The genus Frangula belongs to the family Rhamnaceae. Botanically speaking, alder buckthorn is (was) also assigned to the genus Rhamnus. In contrast to Purgier's buckthorn (Rhamnus cathartica), the alder type has no thorns. It has its natural habitat in Central Europe as far as Western Siberia and Morocco. In its original form, the shrub grows with several stems and branches. It thrives as a large shrub (up to 6 metres high) and it rarely develops as a tree. The natural habitat of the alder buckthorn includes birch swamps and light forests. Black alder trees are heart-rooted and are therefore very suitable, for example, for the reinforcement of embankments.
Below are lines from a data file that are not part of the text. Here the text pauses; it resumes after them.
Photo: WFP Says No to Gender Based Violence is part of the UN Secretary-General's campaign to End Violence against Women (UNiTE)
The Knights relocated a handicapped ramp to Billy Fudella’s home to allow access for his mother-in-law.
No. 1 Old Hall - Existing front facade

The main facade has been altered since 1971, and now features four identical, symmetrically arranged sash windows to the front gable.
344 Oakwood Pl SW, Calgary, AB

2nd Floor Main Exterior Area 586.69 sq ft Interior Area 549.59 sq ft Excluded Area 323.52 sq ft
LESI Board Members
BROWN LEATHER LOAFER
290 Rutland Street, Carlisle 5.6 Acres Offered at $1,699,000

This plant is ecologically very valuable as a bee pasture and bird food. In addition, even a single shrub in the garden can create good egg deposition sites for the pretty brimstone butterfly!

Medical use

The alder buckthorn has been known as a medicinal plant since the 14th century. The bark of the black alder is used - even in modern medicine - as a herbal laxative. The "anthranoids" it contains have a medicinal effect. In the large intestine, the substances promote the influx of water and electrolytes into the intestinal tract, which accelerates emptying.

Toxicity

Despite the medicinal benefits, all of the plant components of the alder buckthorn are poisonous. The berries should not be eaten by humans! Furthermore, do not be tempted to use the fresh bark as a laxative: violent vomiting could be the result!

Name

If you buy this plant, you should not be put off the slight rotten smell of the fresh bark, which is actually only noticeable when it is scarified. This is an extremely skilful defence technique of the tree to spoil the appetite of predators. This invention should, therefore, be appreciated, especially since the bark of the black alder tree also has the aforementioned medical benefits.
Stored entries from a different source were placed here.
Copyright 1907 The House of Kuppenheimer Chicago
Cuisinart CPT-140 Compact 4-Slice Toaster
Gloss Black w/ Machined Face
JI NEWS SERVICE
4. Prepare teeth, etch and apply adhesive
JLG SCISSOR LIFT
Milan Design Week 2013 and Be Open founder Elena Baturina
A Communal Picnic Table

The term "powdered wood" (Pulverholz in German), on the other hand, comes from its historical use until the 19th century when the charcoal of the shrub was used to prepare black powder for firearms or as blasting powder. The charcoal of the rotten tree was highly valued at that time because of its low ash content.

The generic term 'Frangula' is derived from the Latin frangere (to break), which indicates that the wood of the alder buckthorn is light and soft. In the past, it was used for turnery and carpentry.

Location

This plant prefers a fresh to moist location - but it also thrives on drier sites. The roots are tolerant of moisture, but there should be no permanent waterlogging in the garden. It can be planted in full sun as well as in light shade. This shrub does not place many demands on the soil, but the pH value should tend to be in the acidic range.

Care

Before planting, you should add some compost to the garden soil. In the beginning, you should water your shrub regularly in the garden, even later during long dry periods. Covering the root are with mulch also protects against drying out. As a potted plant, it should be watered daily if possible (without creating waterlogging). Regular composting in the spring is beneficial, otherwise, this plant needs little care.

Pruning

You should carry out a maintenance pruning in the spring (on a frost-free day and with an overcast sky), during which dead and disturbing branches are removed. Old branches with dark wood should also be cut out from time to time in favour of rejuvenation. It is best to cut at an angle and just above one eye. This buckthorn can also be cut back to the trunk if necessary. If a maintenance cut is not made for several years, it will lose its shape and age from the inside out.